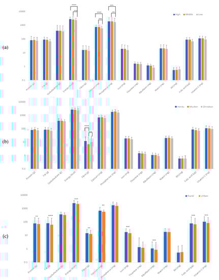 Mean nutrient intakes derived from the first FFQ across (a) income, (b) religion, (c) domicile. * Bonferroni adjusted p values. ** p < 0.005; *** p < 0.0005; **** p < 0.0001.
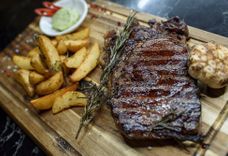 Мраморное кусок говядины обжаренное на гриле желаемой вами прожарки, подается с ароматным зеленым маслом и запеченном чесноком в виде гарнира картофельные дольки
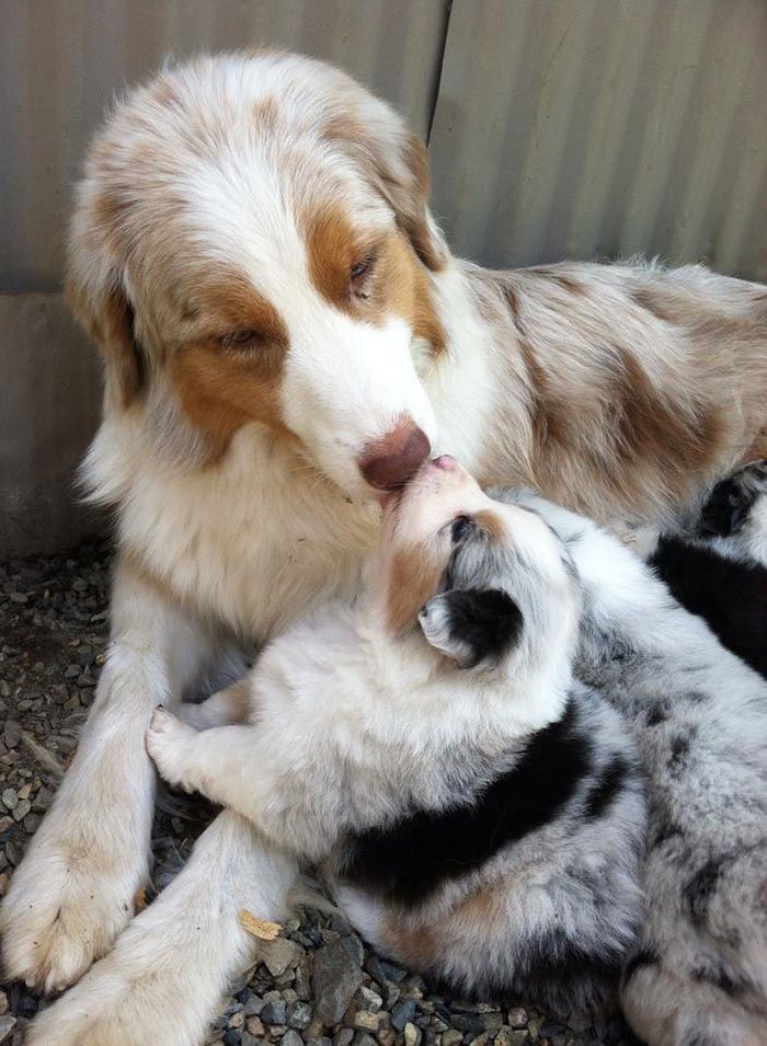 When dogs become parents they are as caring and proud of their kids as any human parent would be. In fact, they become excellent parents! Dogs keep their pups clean, fed, and safe and teach them proper “doggie manners”. And see just how adorable they look together!
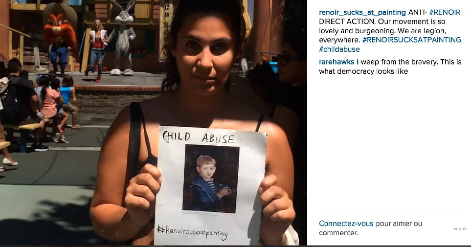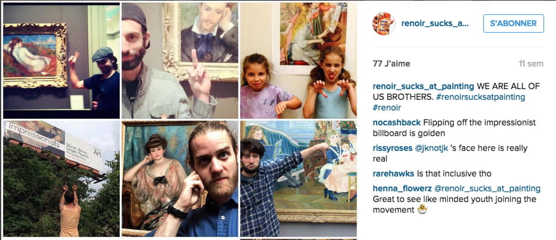 Dieu hait Renoir ! Renoir n’est qu’un étron fumant ! Renoir, ça gonfle ! C’est le genre de slogans choc que brandissait ce lundi 5 octobre 2015, une douzaine de manifestants devant le Musée des beaux-arts de Boston, réunis autour de Max Geller, créateur du compte Instagram « Renoir Sucks At Painting » qui milite pour le décrochage pur et simple des œuvres de Pierre Auguste Renoir dans tous les musées américains…
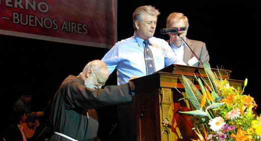 Pero su gesto de humildad fue más allá: además de haber permanecido durante la tarde compartiendo las gradas entre el público, luego de dirigirse a la asamblea, recibió, de rodillas, la imposición de manos de los pastores, y laicos que animaron este encuentro ecuménico.
———
Task directions = The answer must be a word-for-word copy of all the entries, containing no pictures.

Your response =
 Mean nutrient intakes derived from the first FFQ across (a) income, (b) religion, (c) domicile. * Bonferroni adjusted p values. ** p < 0.005; *** p < 0.0005; **** p < 0.0001.
 Мраморное кусок говядины обжаренное на гриле желаемой вами прожарки, подается с ароматным зеленым маслом и запеченном чесноком в виде гарнира картофельные дольки
 When dogs become parents they are as caring and proud of their kids as any human parent would be. In fact, they become excellent parents! Dogs keep their pups clean, fed, and safe and teach them proper “doggie manners”. And see just how adorable they look together!
 Dieu hait Renoir ! Renoir n’est qu’un étron fumant ! Renoir, ça gonfle ! C’est le genre de slogans choc que brandissait ce lundi 5 octobre 2015, une douzaine de manifestants devant le Musée des beaux-arts de Boston, réunis autour de Max Geller, créateur du compte Instagram « Renoir Sucks At Painting » qui milite pour le décrochage pur et simple des œuvres de Pierre Auguste Renoir dans tous les musées américains…
 Pero su gesto de humildad fue más allá: además de haber permanecido durante la tarde compartiendo las gradas entre el público, luego de dirigirse a la asamblea, recibió, de rodillas, la imposición de manos de los pastores, y laicos que animaron este encuentro ecuménico.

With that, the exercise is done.